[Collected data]
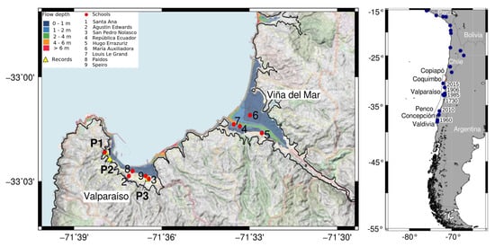 Left panel: Map showing the extent of maximum tsunami inundation according to the Tsunami Inundation Chart for Valparaíso and Viña del Mar [3]. Yellow triangles show the data of the tsunami inundation extent based on historical records along Valparaíso. P1 stands for the location of La Matriz church where historical records indicated the maximum wave height of 9 m. P2 stands for the location of the Augustinian convent where historical records reported the maximum wave height of 11 m. P3 stands for Mercedarian convent where the maximum wave height reported in historical records was 9 m [1,4]. The contour line of 30 m above sea level (m.a.s.l.) is shown in black. The numbers refer to the schools where talks were given. The right panel shows the location of selected coastal cities in Chile. Blue circles stand for approximated earthquake epicenters greater than Mw 8.0 in the year 1500–2020 (the year of occurrence is given for selected events). The earthquake locations are based on ComCat [5].
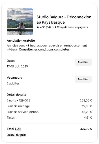 Exemple de séjour du 17 au 19 octobre 2025 :
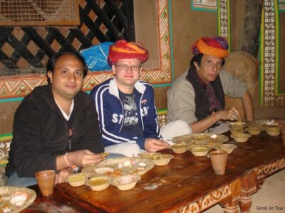 Nein, hierbei handelt es sich nicht um ein Schokodessert. Es ist vielmehr ein Dorfmuseum, in dem alte Traditionen aus Rajasthan ausgestellt werden. Ich würde es am ehesten mit einem Jahrmarkt vergleichen, wobei man sich aber hier um einige Jahrzente in der Zeit zurückversetzt fühlt. Es gibt hier Artisten, Seiltänzer, Zauberer, Puppentheater und und und. Man kann auf einem Kamel oder Elefanten reiten, durch ein wunderschönes Labyrinth laufen und ein kleines Museum besichtigen. Zum Abschluss lässt man sich in der Hütte nieder und genießt ein traditionelles Essen. Aber Vorsicht, hier wird es jetzt richtig scharf. Es hat mich aber beruhigt, dass ich bei Megha und Hiren ebenfalls Schweißperlen auf der Stirn gesehen habe. 😉
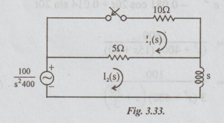 In S-domain the given circuit is re-drawn as shown in fig. 3.33.
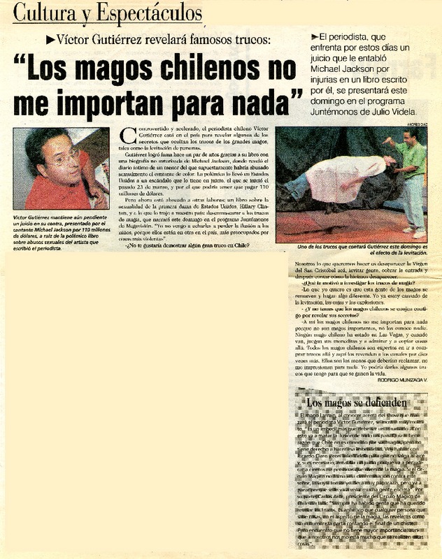 "Los magos chilenos no me importan para nada" [artículo] Rodrigo Munizaga V.
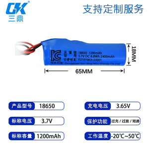 源头厂家18650锂电池 3.7V 1200mAh-加板线强光手电 手持风扇电池

**INSTRUCTIONS FOR THE TASK:**
The copy should match each line above exactly and contain no images.

**RESULT OF THE EXERCISE:**
 Left panel: Map showing the extent of maximum tsunami inundation according to the Tsunami Inundation Chart for Valparaíso and Viña del Mar [3]. Yellow triangles show the data of the tsunami inundation extent based on historical records along Valparaíso. P1 stands for the location of La Matriz church where historical records indicated the maximum wave height of 9 m. P2 stands for the location of the Augustinian convent where historical records reported the maximum wave height of 11 m. P3 stands for Mercedarian convent where the maximum wave height reported in historical records was 9 m [1,4]. The contour line of 30 m above sea level (m.a.s.l.) is shown in black. The numbers refer to the schools where talks were given. The right panel shows the location of selected coastal cities in Chile. Blue circles stand for approximated earthquake epicenters greater than Mw 8.0 in the year 1500–2020 (the year of occurrence is given for selected events). The earthquake locations are based on ComCat [5].
 Exemple de séjour du 17 au 19 octobre 2025 :
 Nein, hierbei handelt es sich nicht um ein Schokodessert. Es ist vielmehr ein Dorfmuseum, in dem alte Traditionen aus Rajasthan ausgestellt werden. Ich würde es am ehesten mit einem Jahrmarkt vergleichen, wobei man sich aber hier um einige Jahrzente in der Zeit zurückversetzt fühlt. Es gibt hier Artisten, Seiltänzer, Zauberer, Puppentheater und und und. Man kann auf einem Kamel oder Elefanten reiten, durch ein wunderschönes Labyrinth laufen und ein kleines Museum besichtigen. Zum Abschluss lässt man sich in der Hütte nieder und genießt ein traditionelles Essen. Aber Vorsicht, hier wird es jetzt richtig scharf. Es hat mich aber beruhigt, dass ich bei Megha und Hiren ebenfalls Schweißperlen auf der Stirn gesehen habe. 😉
 In S-domain the given circuit is re-drawn as shown in fig. 3.33.
 "Los magos chilenos no me importan para nada" [artículo] Rodrigo Munizaga V.
 源头厂家18650锂电池 3.7V 1200mAh-加板线强光手电 手持风扇电池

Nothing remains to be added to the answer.